--- Work instructions ---
In full and word for word, copy the listing; no pictures belong in the copy.

--- Material provided ---
[Start of section]

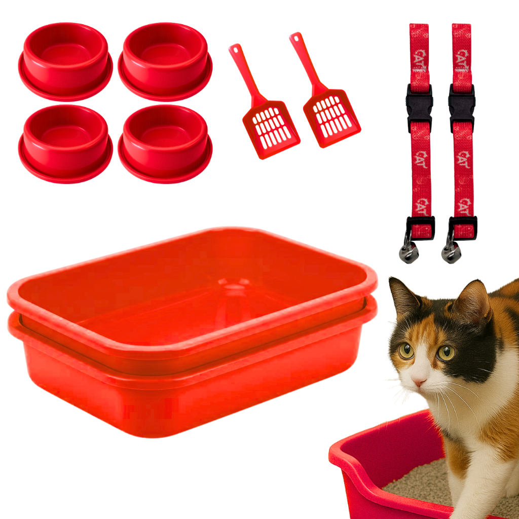 Kit Caixa de Areia para Gatos Bandeja 2 Comedouros e Pá Higiênica
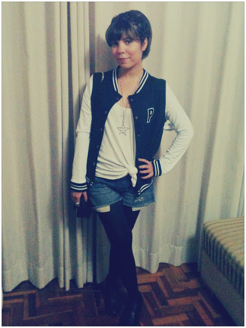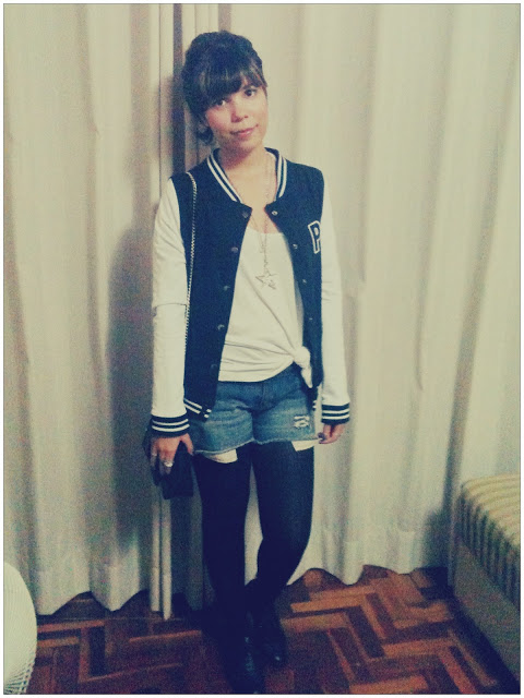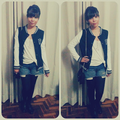 O look do dia de hoje é com uma peça que eu estava louca pra achar pra comprar e depois que eu comprei estava doida para usar, hehe! O meu casaco de baseball.  Vocês aqui no blog viram que eu cheguei a falar sobre essa tendência e também quando eu consegui achar um modelo na Renner, hehe! Então se preparem, porque eu acho que vocês vão o ver bastante aqui no blog, tô apaixonada!
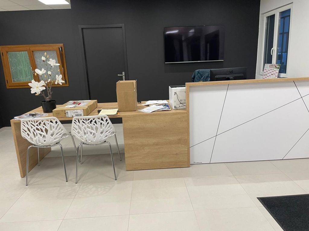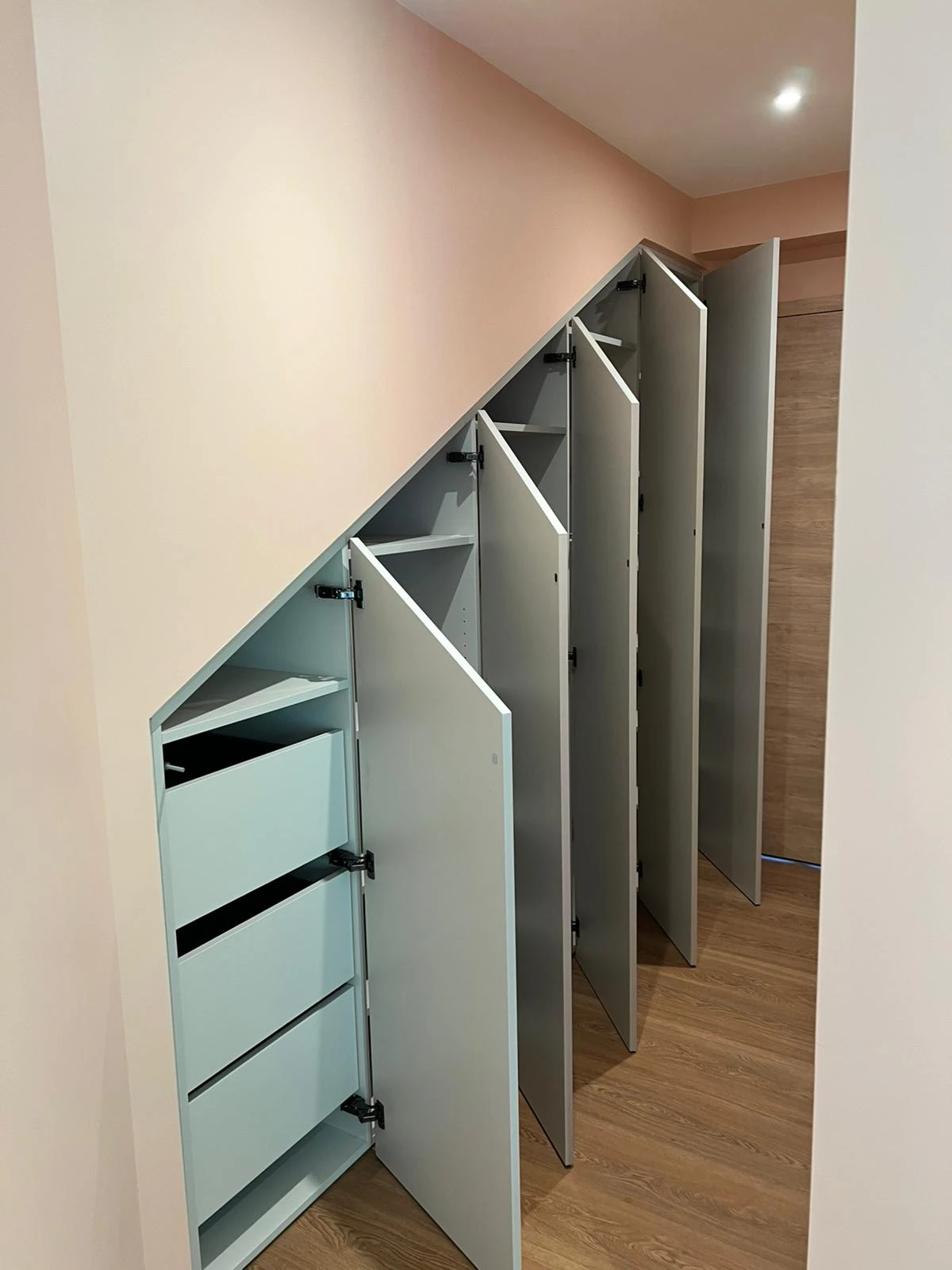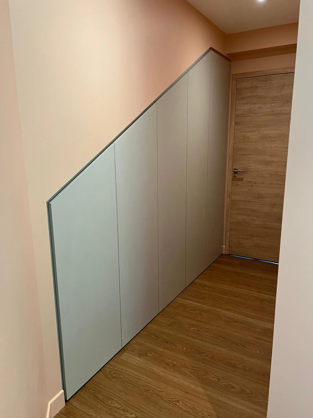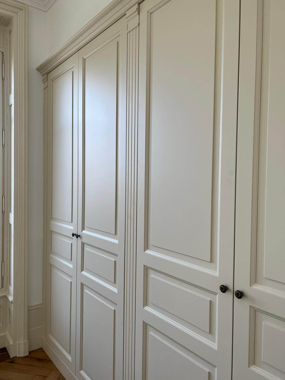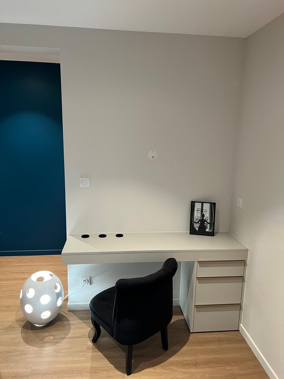 Conception d’un meuble suspendu sur mesure mêlant bois naturel et façades blanches texturées

[End of section]

--- Response box ---
 Kit Caixa de Areia para Gatos Bandeja 2 Comedouros e Pá Higiênica
 O look do dia de hoje é com uma peça que eu estava louca pra achar pra comprar e depois que eu comprei estava doida para usar, hehe! O meu casaco de baseball.  Vocês aqui no blog viram que eu cheguei a falar sobre essa tendência e também quando eu consegui achar um modelo na Renner, hehe! Então se preparem, porque eu acho que vocês vão o ver bastante aqui no blog, tô apaixonada!
 Conception d’un meuble suspendu sur mesure mêlant bois naturel et façades blanches texturées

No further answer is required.